§ Dataset content
====

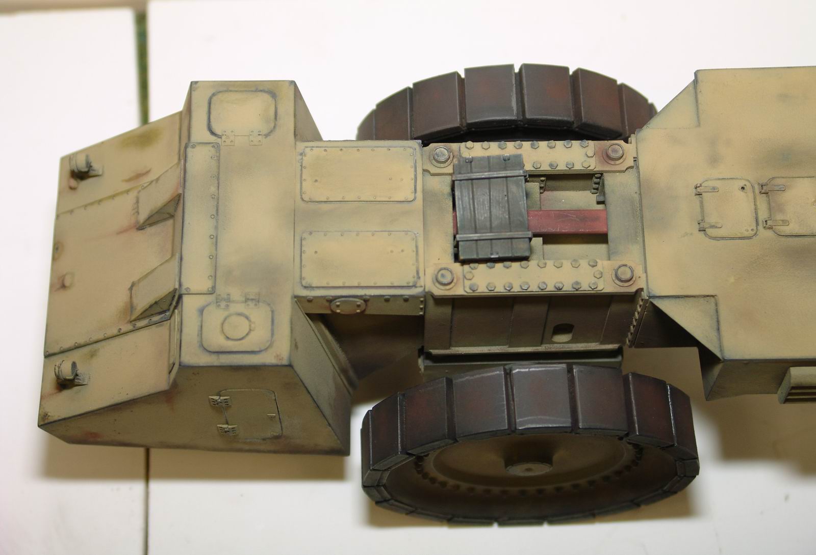 Выношу на обсуждение модель тяжелого минного трала Krupp Raumer-S. Машина была построена фирмой Крумм для проделывания широких проходов в минных полях. Машина имела серьезное бронирование, два танковых двигателя Майбах, разнесенные по ширине колеса, что позволяло делать достаточно широкую полосу разминирования. Вес 130 тонн.
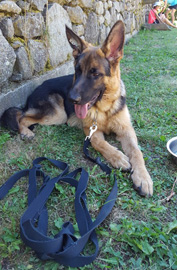 A la fin du mois de juin j'ai fait appel à Nathalie pour des cours d'éducation pour mon petit Marcus,un Berger Allemand âgé alors de 4 Mois. Lors de notre premier entretien, Nathalie a constaté quelques anomalies de comportement que personne n'avait soupçonnées auparavant. En effet, Marcus observait une petite crainte envers moi et qui, du coup, l'empêchait d'effectuer les rappels ainsi que de se rapprocher facilement de ses congénères. En fait, Marcus était trop travaillé dans la contrainte, et ne rencontrait pas suffisamment d'autres chiens.
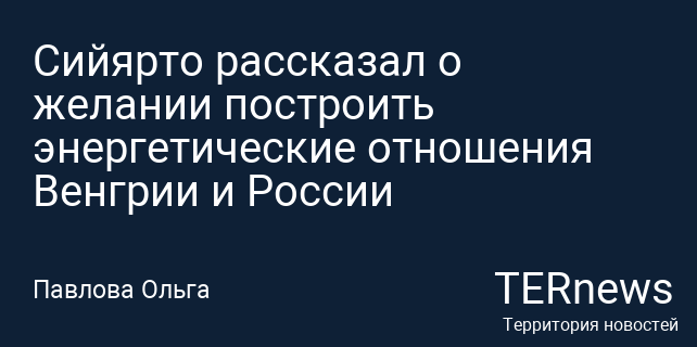 Сийярто рассказал о желании построить энергетические отношения Венгрии и России
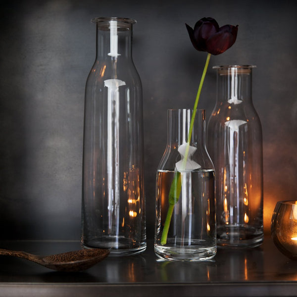 Minimalist and functional bottle from Cecilie Manz’s Minima range The bottle is perfect for the refrigerator door without taking up too much room Use it for water with a sprig of mint, fresh juice or colorful brunch-time smoothies The bottle has a tight-fitting lid for easy storage of the contents in the refrigerator and to prevent absorption and transfer of flavors The bottle is available in three sizes of 55 cl, 90 cl as shown as well as 140 cl Minima range won the Danish Design Award 2008/2009 for combining Scandinavian modernism and functionality

====

§ Task to complete
Copy all of the material word for word, and include none of its pictures.

§ Finished task
 Выношу на обсуждение модель тяжелого минного трала Krupp Raumer-S. Машина была построена фирмой Крумм для проделывания широких проходов в минных полях. Машина имела серьезное бронирование, два танковых двигателя Майбах, разнесенные по ширине колеса, что позволяло делать достаточно широкую полосу разминирования. Вес 130 тонн.
 A la fin du mois de juin j'ai fait appel à Nathalie pour des cours d'éducation pour mon petit Marcus,un Berger Allemand âgé alors de 4 Mois. Lors de notre premier entretien, Nathalie a constaté quelques anomalies de comportement que personne n'avait soupçonnées auparavant. En effet, Marcus observait une petite crainte envers moi et qui, du coup, l'empêchait d'effectuer les rappels ainsi que de se rapprocher facilement de ses congénères. En fait, Marcus était trop travaillé dans la contrainte, et ne rencontrait pas suffisamment d'autres chiens.
 Сийярто рассказал о желании построить энергетические отношения Венгрии и России
 Minimalist and functional bottle from Cecilie Manz’s Minima range The bottle is perfect for the refrigerator door without taking up too much room Use it for water with a sprig of mint, fresh juice or colorful brunch-time smoothies The bottle has a tight-fitting lid for easy storage of the contents in the refrigerator and to prevent absorption and transfer of flavors The bottle is available in three sizes of 55 cl, 90 cl as shown as well as 140 cl Minima range won the Danish Design Award 2008/2009 for combining Scandinavian modernism and functionality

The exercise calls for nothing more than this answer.